• [Task description]: Without any pictures, print the lines below from the one that has "انعقد كونفرانس وحدة" through the one that has "Cinque snuff bottle in agata di cui due", exactly and nothing else.

• [The data]:
—————

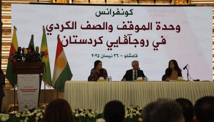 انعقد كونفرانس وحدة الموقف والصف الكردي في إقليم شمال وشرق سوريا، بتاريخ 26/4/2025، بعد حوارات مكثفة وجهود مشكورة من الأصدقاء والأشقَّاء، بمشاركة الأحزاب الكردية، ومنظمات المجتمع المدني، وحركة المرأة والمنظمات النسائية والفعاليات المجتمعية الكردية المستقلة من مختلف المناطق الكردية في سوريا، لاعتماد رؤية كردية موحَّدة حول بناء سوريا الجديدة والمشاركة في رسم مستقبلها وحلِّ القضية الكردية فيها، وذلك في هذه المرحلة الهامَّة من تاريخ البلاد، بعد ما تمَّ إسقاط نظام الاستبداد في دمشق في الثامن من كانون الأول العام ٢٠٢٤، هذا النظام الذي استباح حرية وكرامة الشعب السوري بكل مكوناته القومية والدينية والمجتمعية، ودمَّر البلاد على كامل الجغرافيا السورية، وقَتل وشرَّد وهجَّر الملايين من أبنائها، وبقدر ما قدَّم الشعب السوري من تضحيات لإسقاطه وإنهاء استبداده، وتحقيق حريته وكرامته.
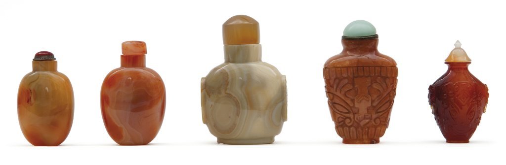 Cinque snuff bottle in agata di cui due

—————

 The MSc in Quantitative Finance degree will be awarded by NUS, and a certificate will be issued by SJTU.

—————

• [Reply]:
 انعقد كونفرانس وحدة الموقف والصف الكردي في إقليم شمال وشرق سوريا، بتاريخ 26/4/2025، بعد حوارات مكثفة وجهود مشكورة من الأصدقاء والأشقَّاء، بمشاركة الأحزاب الكردية، ومنظمات المجتمع المدني، وحركة المرأة والمنظمات النسائية والفعاليات المجتمعية الكردية المستقلة من مختلف المناطق الكردية في سوريا، لاعتماد رؤية كردية موحَّدة حول بناء سوريا الجديدة والمشاركة في رسم مستقبلها وحلِّ القضية الكردية فيها، وذلك في هذه المرحلة الهامَّة من تاريخ البلاد، بعد ما تمَّ إسقاط نظام الاستبداد في دمشق في الثامن من كانون الأول العام ٢٠٢٤، هذا النظام الذي استباح حرية وكرامة الشعب السوري بكل مكوناته القومية والدينية والمجتمعية، ودمَّر البلاد على كامل الجغرافيا السورية، وقَتل وشرَّد وهجَّر الملايين من أبنائها، وبقدر ما قدَّم الشعب السوري من تضحيات لإسقاطه وإنهاء استبداده، وتحقيق حريته وكرامته.
 Cinque snuff bottle in agata di cui due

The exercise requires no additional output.